The summer 16 issue of Ballet Review is out. The editors have kindly allowed me to republish my report on San Francisco Ballet in William Forsythe’s “Pas/Parts 2016,” which the company will perform again next spring. Here’s a snippet:

“How dramatically this new incarnation of Pas/Parts differs from the Paris Opera Ballet revival reviewed by the New York Times’s Roslyn Sulcas in 2012 I cannot say. Forsythe’s cool, white lighting against a white-walls design, resembling and apparently pre-figuring Wayne McGregor’s Chroma, remains less assaultive than typical, as does Thom Willems’ twenty-section electronic score.

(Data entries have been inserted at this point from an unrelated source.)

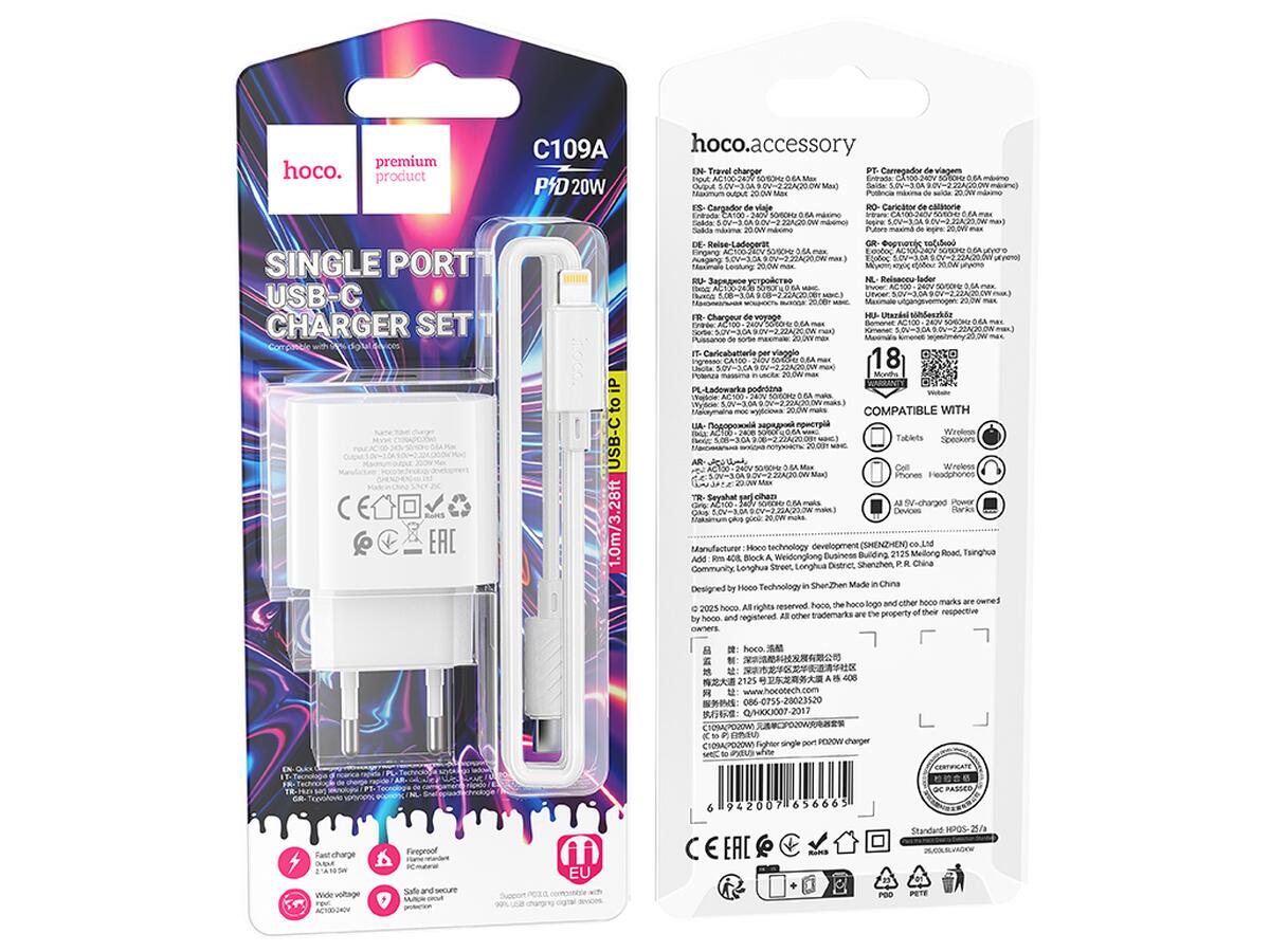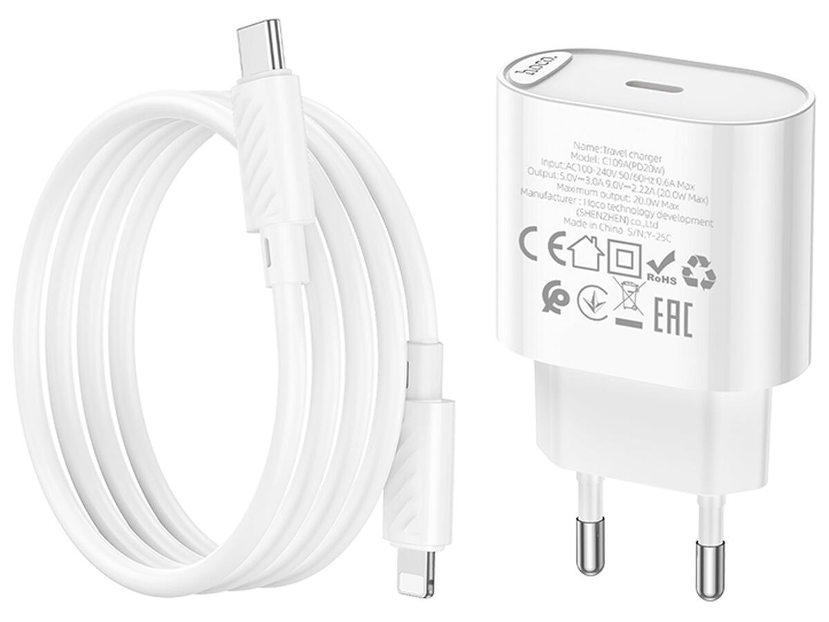 Сетевое зарядное устройство HOCO C109A(PD20W) с кабелем Lightning
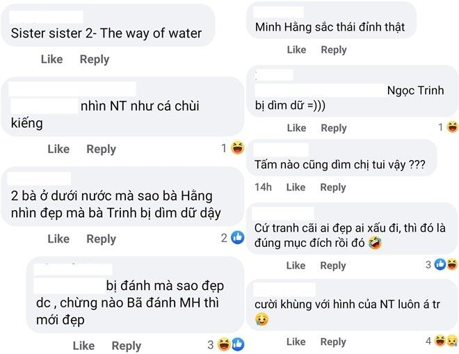 Đáng nói nhất là trong loạt ảnh chính thức ghi lại cảnh đại chiến này, Ngọc Trinh bị "dìm hàng" vô cùng thảm thương. So với một Minh Hằng toát lên sắc thái đầy tự tin và kiêu hãnh thì đối thủ của cô lại lộ toàn khuyết điểm đùi to chân ngắn, biểu cảm bị chê trông như "cá lau kính".
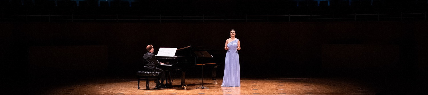 Es ist schon erstaunlich, wer alles in der Romantik so Lieder für die Wiege komponiert hat. Das stellt auch Skigin fest, wenn er eine Anekdote über Richard Wagner zum Besten gibt, nachdem Peretyatko Dors, mon enfant – also: Schlafe, mein Kind – von Wagner vorgestellt hat. Der Professor erzählt von der Zeit, als Wagner in Paris aus seiner Wohnung flog, weil er die Miete nicht zahlen konnte. In seiner neuen Unterkunft, einer Pension, fällt sein Blick auf schwarze Schwäne in den Tuilerien. „Andere ohne Geld, die schwarze Schwäne sehen, sind auch traurig, aber schreiben selten so schöne Werke darüber“, resümiert Skigin und bringt das Instrumentalwerk Ankunft bei den schwarzen Schwänen bravourös zu Gehör. Recht hat er. Und schließt gleich Antonín Dvořáks Dobrú noc, má mila an. Danach kehrt Peretyatko auf die Bühne zurück und intoniert zwei Lieder von Peter Tschaikowsky und Sergej Rachmaninov, von denen letzteres eher nach einem dramatischen Abschiedslied als nach der traulichen Situation am Kinderbett klingt.

Four years ago, Sulcas described the former version of Pas/Parts as driven by a “playful insouciance.” That remains the case in SFB’s version, which in its most engaging moments evokes an almost MGM-movie flavor of innocent physical comedy.

Two highlights of this forty-minute marathon were a trio for Julia Rowe, Carlo di Lanno, and Joseph Walsh in which they caper through twisted-up daisy chains, Rowe whacking her legs around DiLanno’s neck with her falling battement, like a member of the Three Stooges; and a climactic duet for Rowe and Walsh that uses her bouncing releve like a pogo stick. Rowe is just a second-year corps member, while Walsh is a principal. This gives you an idea of the democratic swirl of Forsythe’s casting kaleidoscope, which uses the four stage corners to shoot dancers center stage, where they react with the duet or trio already in progress like protons and electrons sorting out their orbits. New dancers (sixteen total) then enter on the diagonals to mess with the chemistry. In most of the ensemble sections, the focus is on subtleties of torsion in the epaulement.”

And here’s the full review on Medium.

I whole-heartedly recommend the whole Ballet Review issue, of course. Such a joy to be in conversation with the critics in its pages.